### WHAT THE TASK ASKS
From the listing that follows, output everything exactly except the pictures.

======== DATASET SECTION

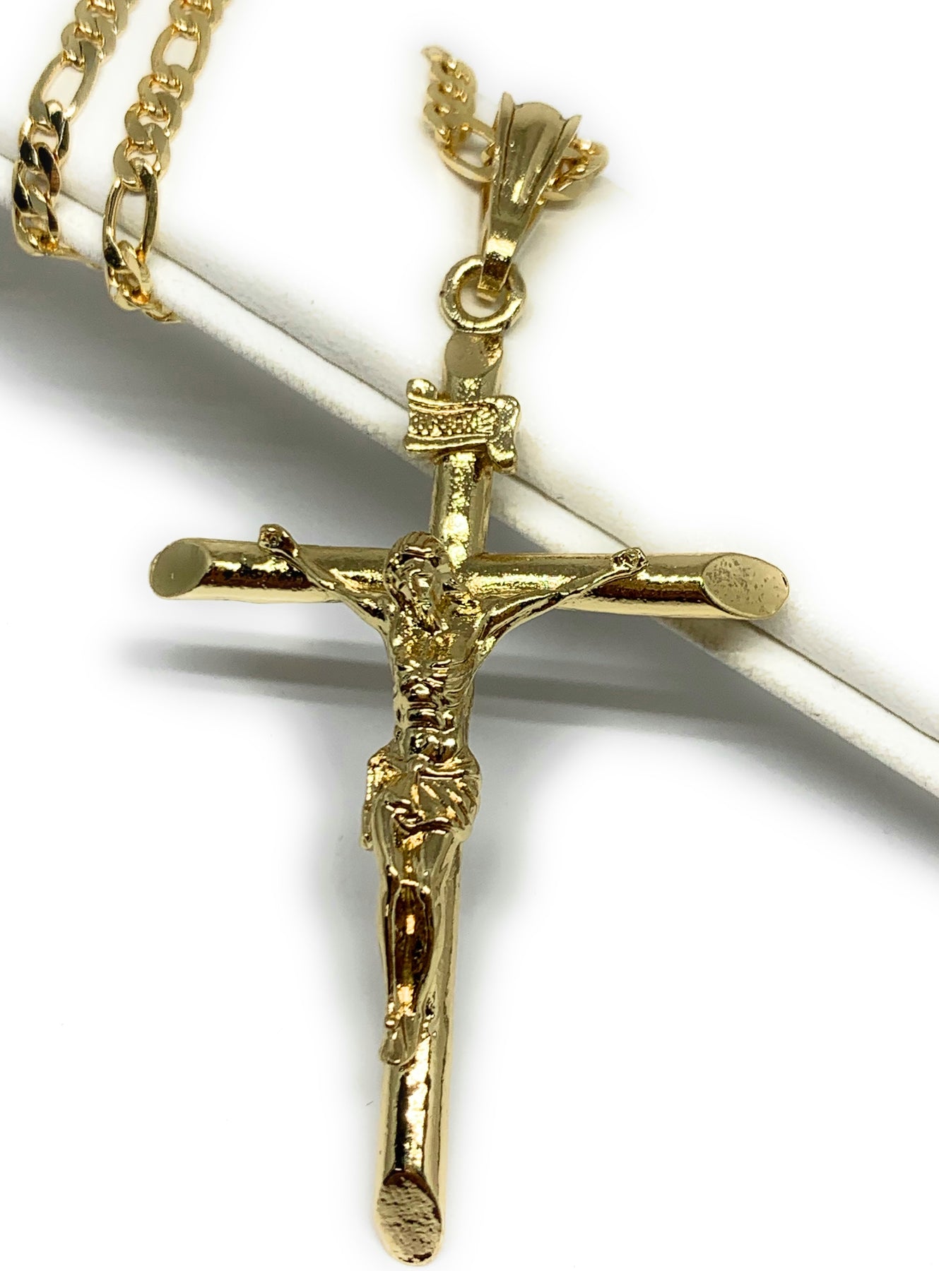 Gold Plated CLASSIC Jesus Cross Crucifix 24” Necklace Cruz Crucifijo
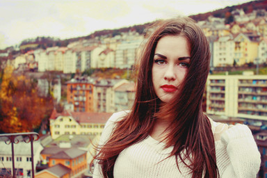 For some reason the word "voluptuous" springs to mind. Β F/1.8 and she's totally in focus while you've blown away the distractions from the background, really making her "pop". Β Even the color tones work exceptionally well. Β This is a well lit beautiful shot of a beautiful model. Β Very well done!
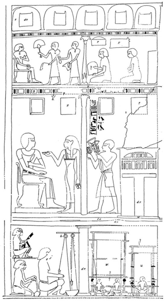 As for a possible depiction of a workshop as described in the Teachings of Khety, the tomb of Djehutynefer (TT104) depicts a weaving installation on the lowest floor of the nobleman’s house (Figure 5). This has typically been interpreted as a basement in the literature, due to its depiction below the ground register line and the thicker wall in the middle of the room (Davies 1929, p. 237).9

================

### THE ANSWER
 Gold Plated CLASSIC Jesus Cross Crucifix 24” Necklace Cruz Crucifijo
 For some reason the word "voluptuous" springs to mind. Β F/1.8 and she's totally in focus while you've blown away the distractions from the background, really making her "pop". Β Even the color tones work exceptionally well. Β This is a well lit beautiful shot of a beautiful model. Β Very well done!
 As for a possible depiction of a workshop as described in the Teachings of Khety, the tomb of Djehutynefer (TT104) depicts a weaving installation on the lowest floor of the nobleman’s house (Figure 5). This has typically been interpreted as a basement in the literature, due to its depiction below the ground register line and the thicker wall in the middle of the room (Davies 1929, p. 237).9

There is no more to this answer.